ARTICLE I – NAME AND LOCATION

The name of this organization shall be Concerned Citizens Association of Farmingdale, Inc. (CCAF). The principal location of the Association shall be in Farmingdale, County of Nassau, State of New York


 

ARTICLE II – PURPOSE

1. Mission Statement: 

The Concerned Citizens Association of Farmingdale, Inc. (CCAF) is a not for profit corporation duly organized and existing pursuant to the laws of the State of New York.  CCAF is a non-partisan neighborhood organization dedicated to representing the interests of ordinary residents and homeowners of Farmingdale who wish to maintain and enhance the quality of life in our community.

We are an organization under which residents can come together to acquire and disseminate information and support each other in our common goal of protecting and preserving our way of life.
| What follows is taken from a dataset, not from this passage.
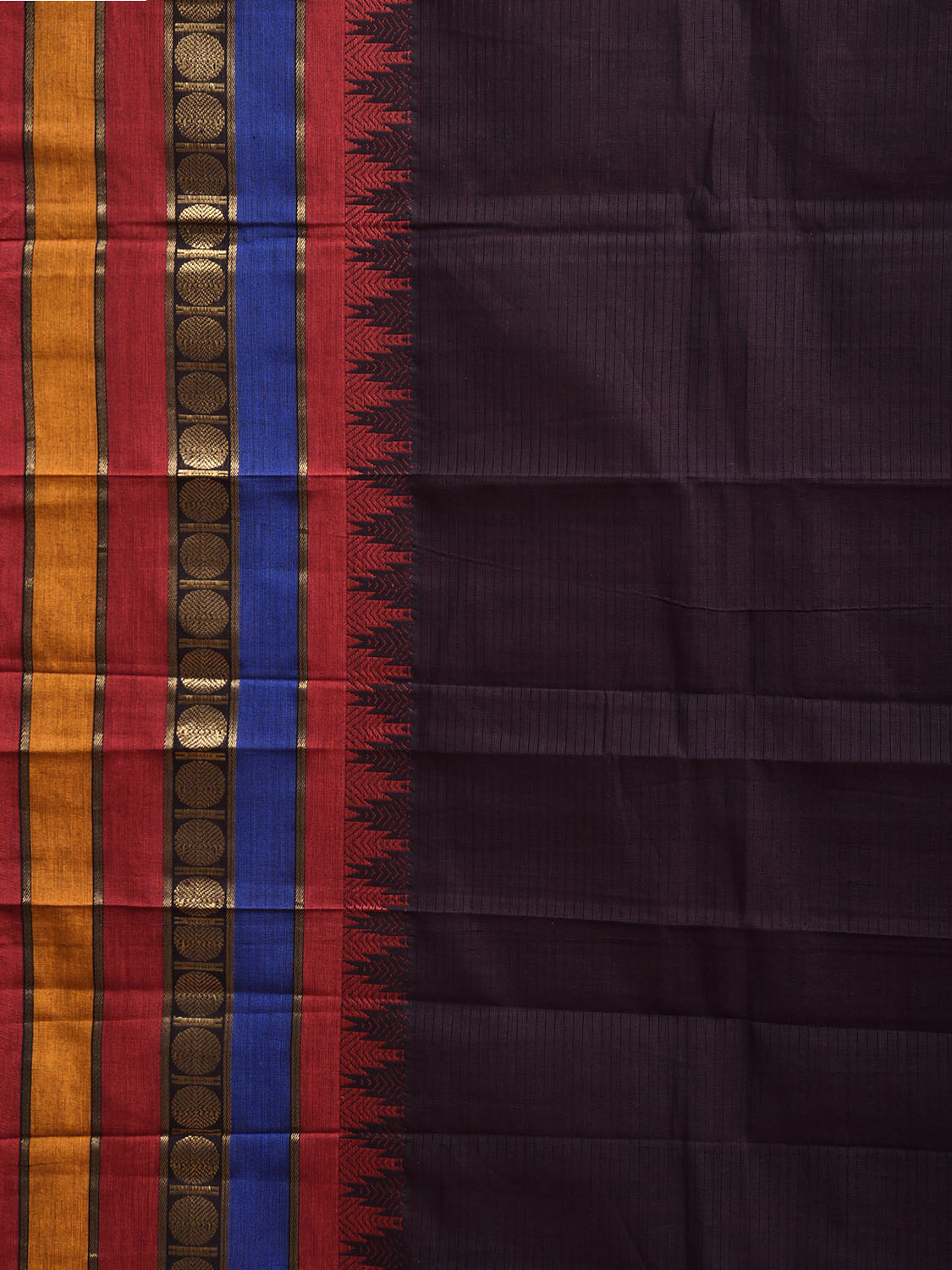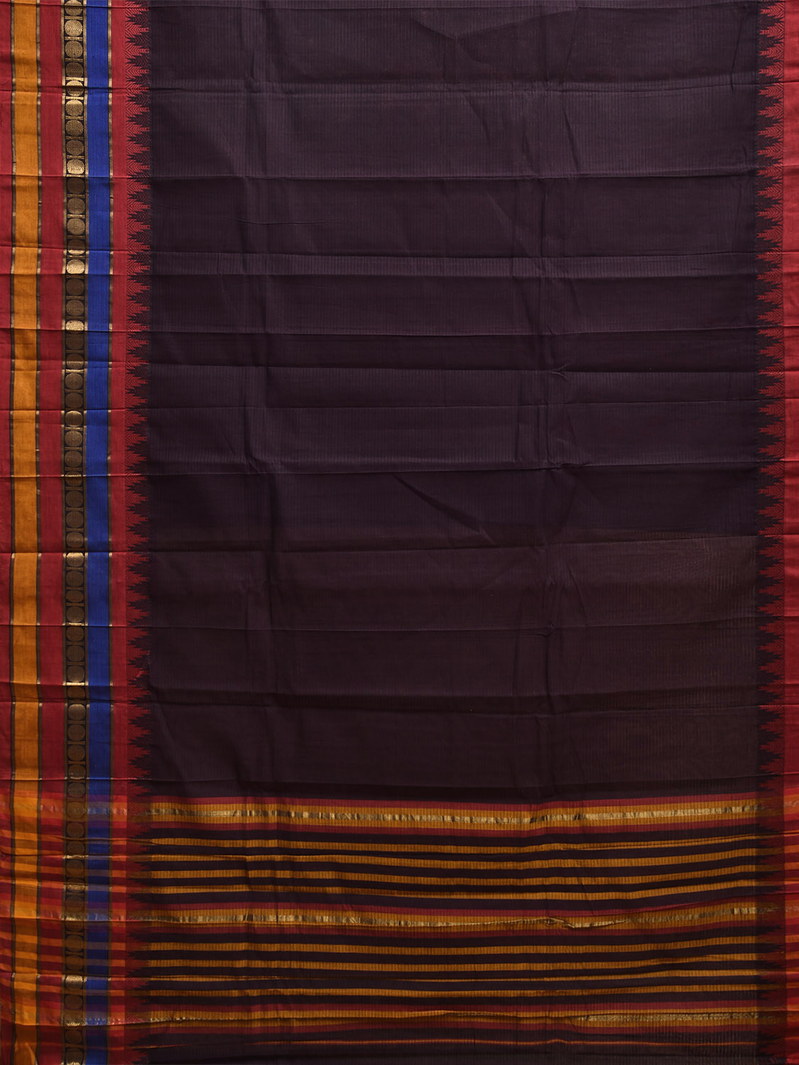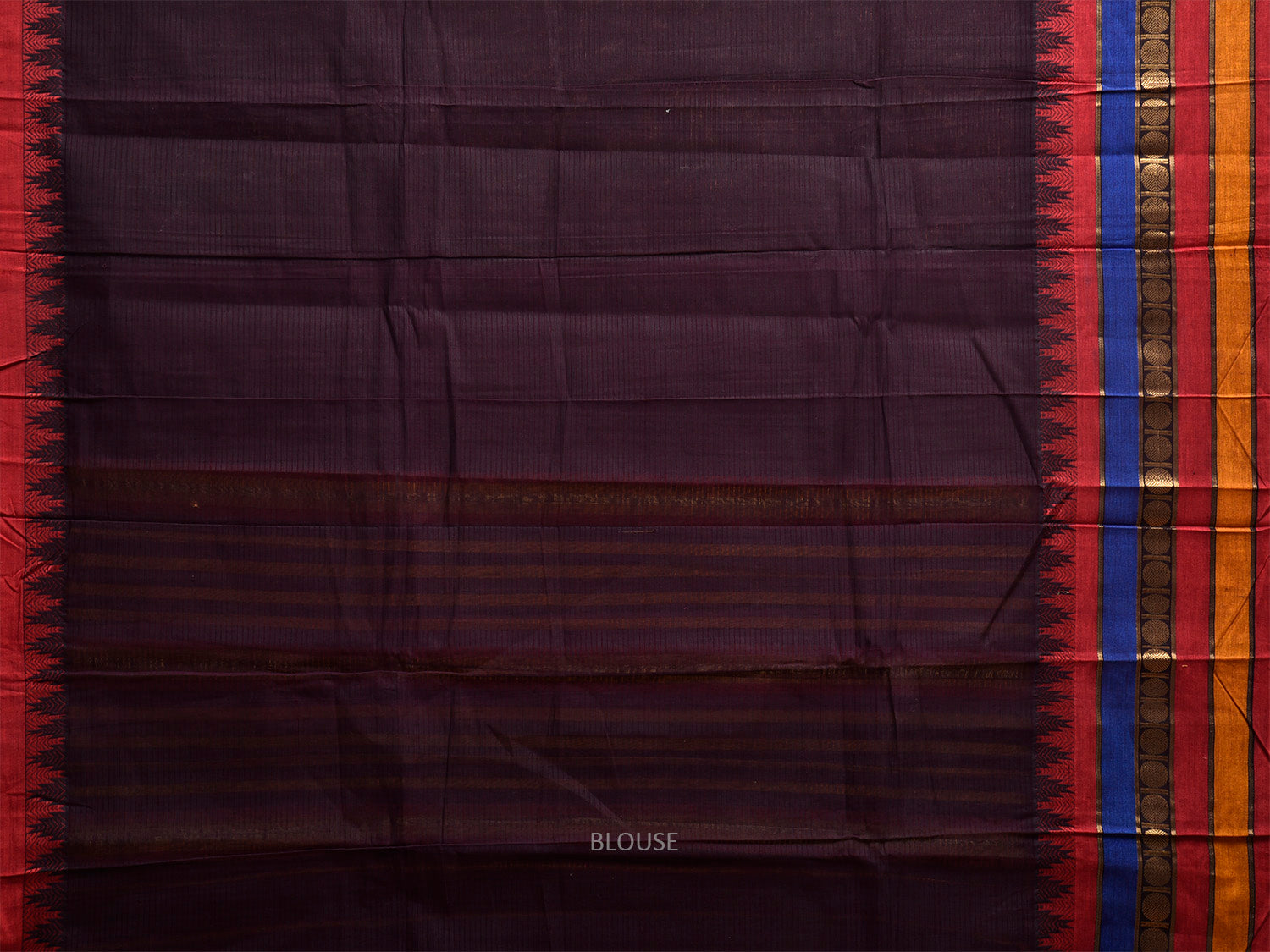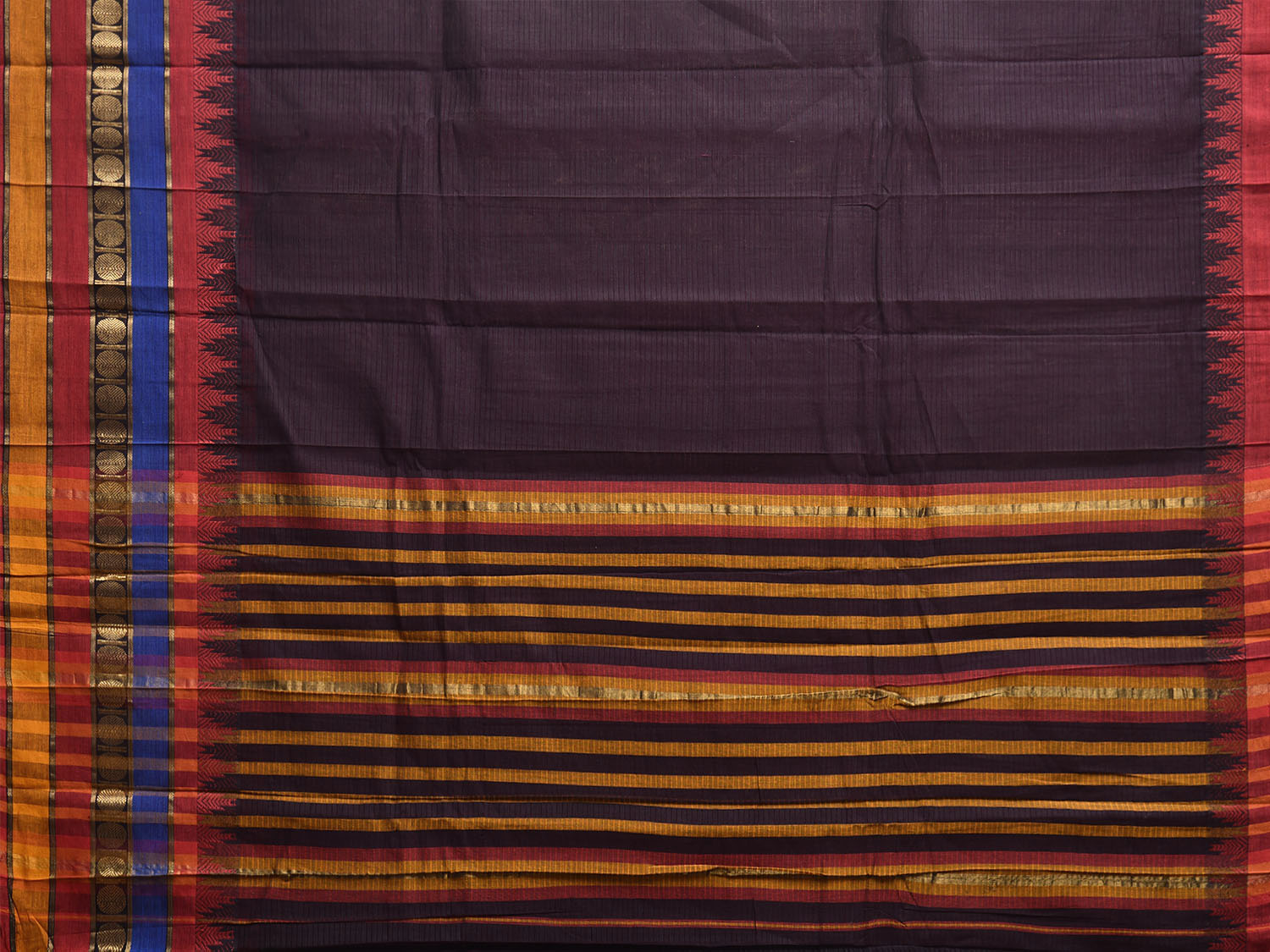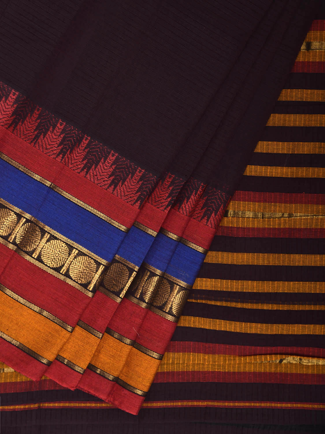 Black Kanchipuram Cotton Saree with One Side Big Temple Border. Traditional Simple South Indian Attire Saree for any Casual Occasions. As it’s a cotton saree we advice gentle handwash separately for fabric care.

We seek to address resident's concerns on issues of zoning, public safety, the environment, and all issues collectively identified as necessary to achieve our common goal.
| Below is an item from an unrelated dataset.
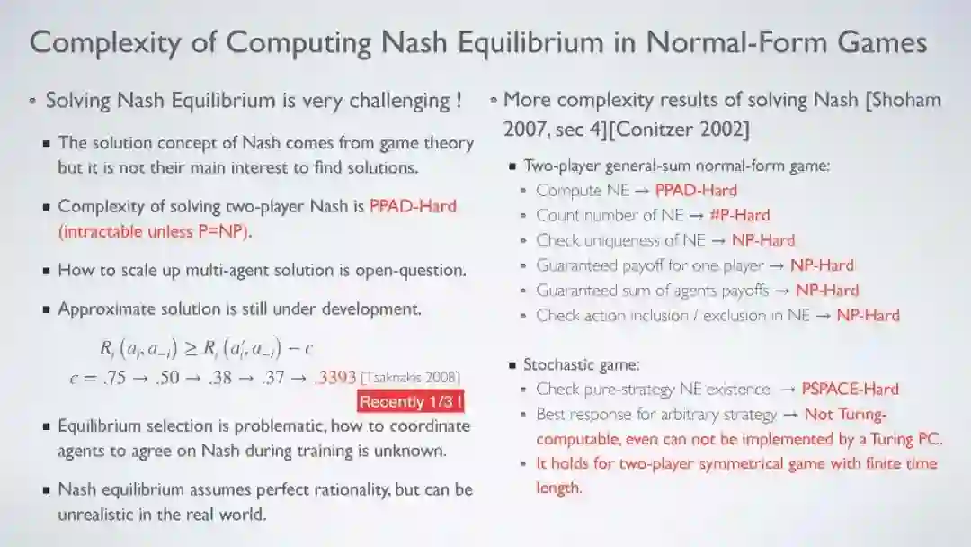 与单agent RL相比,多agent RL是一个更适合现实世界AI应用的通用框架。然而,由于多个agent同时学习的存在,除了单agent RL中已经存在的方法外,MARL方法提出了更多的理论挑战。与通常有两个代理的经典MARL设置相比,解决多代理RL问题更具挑战性。事实上,1 组合复杂性,2 多维学习目标和3 非平稳性问题都导致大多数MARL算法能够解决只有4个参与者的博弈,特别是两方零和博弈。

Our goal is to ensure that the government represents public needs rather than those of special interest groups, and:

a.      To maintain the integrity of the residential areas and to oppose intrusions that we determine to be detrimental to the community.

b.      To preserve and enhance the "small-town" atmosphere. To assist in the improvement of existing residential and commercial areas in order to foster a vibrant local economy.

c.      To monitor land use and stop inappropriate development.

d.      To act as a strong community force to ensure that public opinion and sentiment is represented and acted upon by our elected officials.

2. Our Vision:

a.      To amplify the civic voice and ensure resident participation in shaping the future of Farmingdale;

b.      To keep Farmingdale a livable and safe community free from gridlock and inappropriate development and density;

c.      To keep the police, fire, school, and water services strong, but not overburdened;

d.      To build a brighter future for the place we call home.  


 

ARTICLE III – MEMBERSHIP

1.      Membership in the CCAF shall be open to all adult residents of the Farmingdale School District and/or Farmingdale Zip Code Area (11735).  Membership applications of “non-Farmingdale residents” shall be accepted only as Associate Members (Article XIII § 4).

2.      Application for membership shall be made in such form as may be prescribed by the Board of Directors and shall be accompanied by payment of non-refundable annual dues.

3.      Membership in the Association may not be transferred except upon approval of the majority of the Board of Directors.

4.      Upon the termination of membership, such former member shall forfeit all right, title and/or interest in and to the property of the Association and shall forfeit all right to vote, sign petitions or otherwise the right to enjoy any of the benefits of membership.


 

ARTICLE IV – MEMBERSHIP MEETINGS

1.      Annual Meeting:  The date of the regular annual meeting shall be set by the Board of Directors who shall also set the time and place.  If no time and place are set, the meeting will be held on the third Tuesday of May, at 7:30 PM, at Ellsworth Allen Park, Farmingdale.    

a.      The regular Annual Meeting shall be called for the purpose of electing officers and for the transaction of any and all other business necessary and proper.

b.      Notice of not less than thirty (30) days of such meeting shall be provided by the Secretary of the Association, by hand distribution, mail or email to members and/or publication in a local newspaper and on the website http://www.ccaf-civic.org/.

c.      The agenda of such meeting, if available, shall be included with the distributed notice.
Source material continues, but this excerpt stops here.